Егорьев считал себя человеком невезучим. Это в какой-то мере отчасти было и так. Но не везло ему до этого больше по мелочам. И он ужасно расстраивался из-за этого, до сердечной боли переживал. Теперь же, на фоне этих маленьких, бывших с ним раньше, мелочных невезений, по его мнению, несчастье, он не мог подобрать другого слова, постигшее его сейчас, казалось еще более громадным. Он не думал о том, что до этого ему пришлось пережить, вернее, думал, но не сопоставлял прошедшее с настоящим. В его памяти, бесспорно, осталась та страшная дорога из занятой немцами Луги в Ленинград. Он не мог забыть ни колонны беженцев, идущих по этой дороге, ни немецкие самолеты, на бреющем полете расстреливающие сотни людей, бегущих врассыпную при каждом их появлении к спасительным кюветам и оврагам, бросая все то немногое, что успели они взять из своих домашних пожитков. Все это помнил Егорьев. Помнил и как прорвавшиеся немецкие танки давили гусеницами беззащитных людей, помнил и до сих пор не мог понять, каким образом ему удалось вырваться живым из того кошмара, дыма, крови, лязга гусениц и крика обезумевших от ужаса людей. Пришел он в себя тогда лишь на лесной опушке, в стороне от дороги. Несколькими днями раньше он добрался до Луги, тогда еще нашей, из разбомбленной немцами деревни, куда приехал на лето к родственникам дяди, у которого жил в Ленинграде, по окончании школы. Вернее, и школу-то он не кончил — срезался на одном из экзаменов (никогда не спорьте с преподавателями, особенно на экзаменах!) и был оставлен на осень (тоже неудача), в связи с чем и имел возможность уехать в деревню на неделю раньше срока. Но тут всему помешала война, начавшаяся всего через несколько дней после его приезда. Недолго думая, он поспешил в Лугу, где явился в военкомат с твердым намерением отправиться добровольцем на фронт. А отправился в тыл. В военкомате ему сказали, что на фронт пока рановато, и посоветовали идти в Ленинград. И он пошел. Когда колонна была разгромлена немцами, шел в одиночку лесами, пробирался болотами, пока не вышел в расположение наших частей, измученный, голодный, в грязных лохмотьях, едва стоящий на ногах. Его отправили в Ленинград, но дома своего он не нашел — вместо дома была груда развалин, а куда делся дядя, он так и не узнал.
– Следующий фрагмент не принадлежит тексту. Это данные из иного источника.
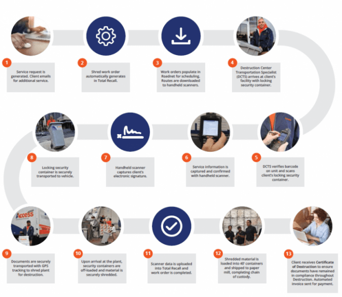 - Client receives Certificate of Destruction to ensure documents have remained in compliance throughout destruction. Automated invoice sent for payment.
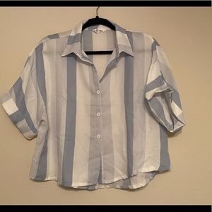 lightweight striped button down crop

Егорьев решил ехать к себе в деревню. На переполненном людьми вокзале он случайно столкнулся со своим бывшим школьным товарищем. Тот рассказал ему, что его отец, преподаватель в военном училище, прислал письмо, чтобы он приезжал, — обещал устроить в училище. Товарищ предложил Егорьеву поехать вместе с ним. Егорьев согласился. Так и не полученный аттестат зрелости был объявлен утраченным. Отец друга закрыл на это глаза. Через две недели он был курсантом, а весной сорок второго училище окончил по ускоренному сроку и, просидев с десяток дней в запасном батальоне, отправился на фронт. И вот, когда он попал наконец сюда, выясняется, что он здесь никому не нужен. Сейчас эта мысль затмила все остальное в Егорьеве, усугубила в нем понятие, что он законченный неудачник. И, вспоминая ту дорогу из Луги в Ленинград, он думал не о том, что ему необыкновенно повезло, он остался жив, а о своем нынешнем, невезучем, как ему казалось, положении: он, прошедший по этой дороге, теперь, вместо того чтобы мстить врагу, торчит здесь в ожидании какой-то там должности. Егорьева охватила обида.